台湾俳優のダレン・ワン(王大陸)をめぐる個人情報不正取得事件で、新たな司法判断が下された。台湾メディアの報道によると、新北地方法院は4月22日、ダレン・ワンが関与した二つの個人情報調査案件について一審判決を言い渡した。
裁判所は、ダレン・ワンが交際相手とされる闕沐軒が金銭トラブルに巻き込まれた際、被害金の回収を目的として潘姓の男性の個人情報を不正に取得した件について、個人情報保護法違反に該当すると認定した。その結果、懲役6カ月の判決が言い渡され、罰金による代替措置も認められた。

一方で、兵役逃れを仲介したとされる陳志明の所在確認を目的に個人情報を調査した件については、裁判所は犯罪成立を認めず、無罪判決を下した。
今回の事件では、複数の関係者にも判決が下されている。闕沐軒には懲役6カ月、ダレン・ワンの友人である游翔閔には懲役3カ月が言い渡され、いずれも罰金による代替が可能とされた。また、当時台北市警察の関係者だった劉居榮には文書偽造の罪で懲役1年4カ月の判決が下された。
さらに、四海ギャング海英堂の関係者とされる陳子俊および陳柏均兄弟にも、それぞれ懲役3カ月の判決が言い渡され、こちらも罰金による代替措置が認められた。

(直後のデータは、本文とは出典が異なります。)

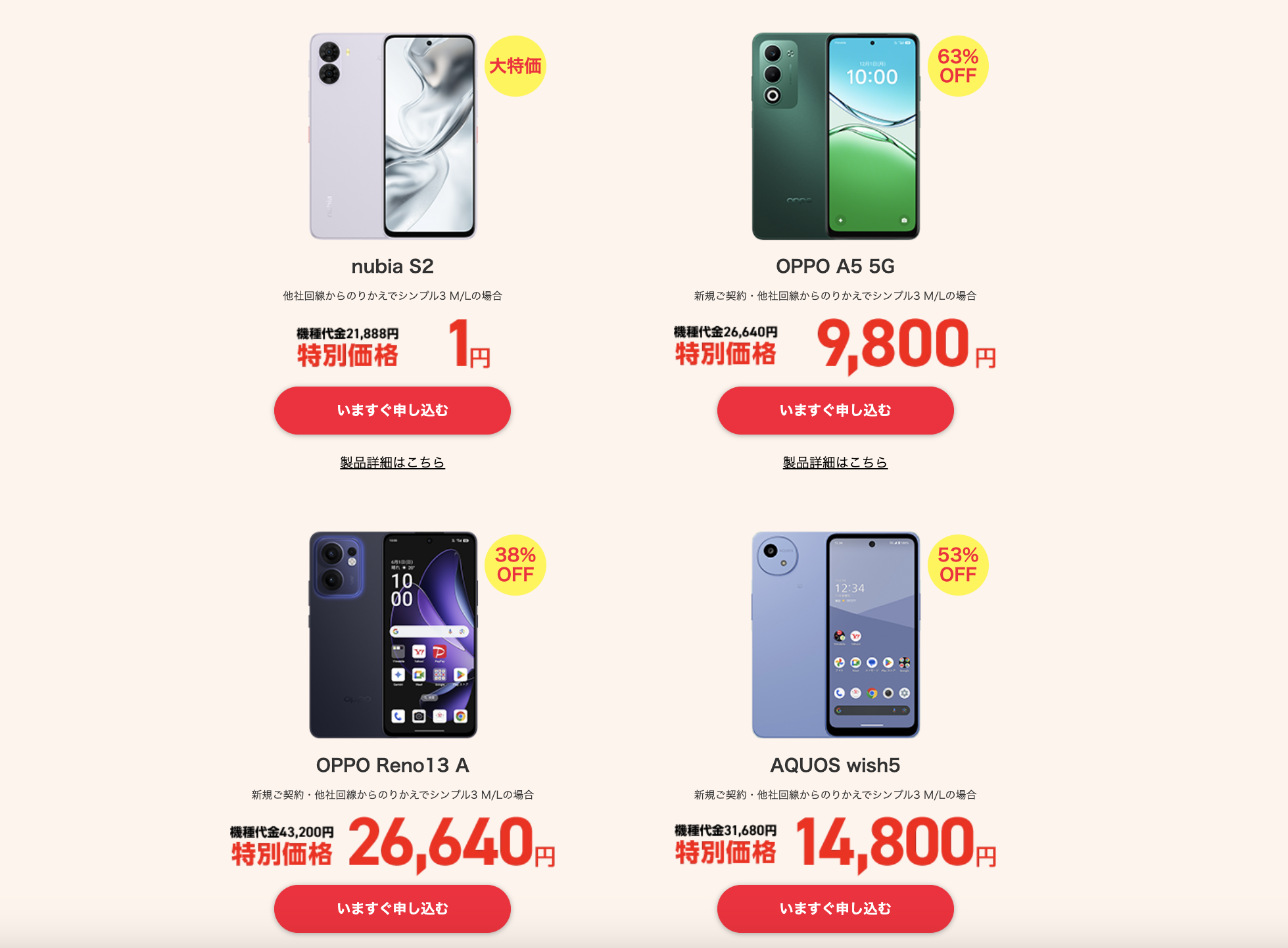 ワイモバイルは春の決算セールを開始した。3月31日までの期間中、「nubia S2」MNP一括1円など特価機種のラインアップを強化。

報道によれば、ダレン・ワンは過去に兵役逃れの手続きを依頼するため、陳志明に360万台湾ドルを支払っていたという。その後、相手が約束を果たしていないと疑い、知人を通じて警察内部システムを利用し、陳の個人情報を調査したとされる。
また別の案件では、闕沐軒が潘姓の男性に約400万台湾ドルをだまし取られたとして、その資金回収を目的に関係者へ協力を求め、結果的に親族の個人情報が違法に取得されたとされている。
検察側は、個人情報保護法違反、公文書偽造、公務員による機密漏えいなどの罪で関係者を起訴していた。今回の判決を受け、今後控訴が行われるかどうかにも注目が集まっている。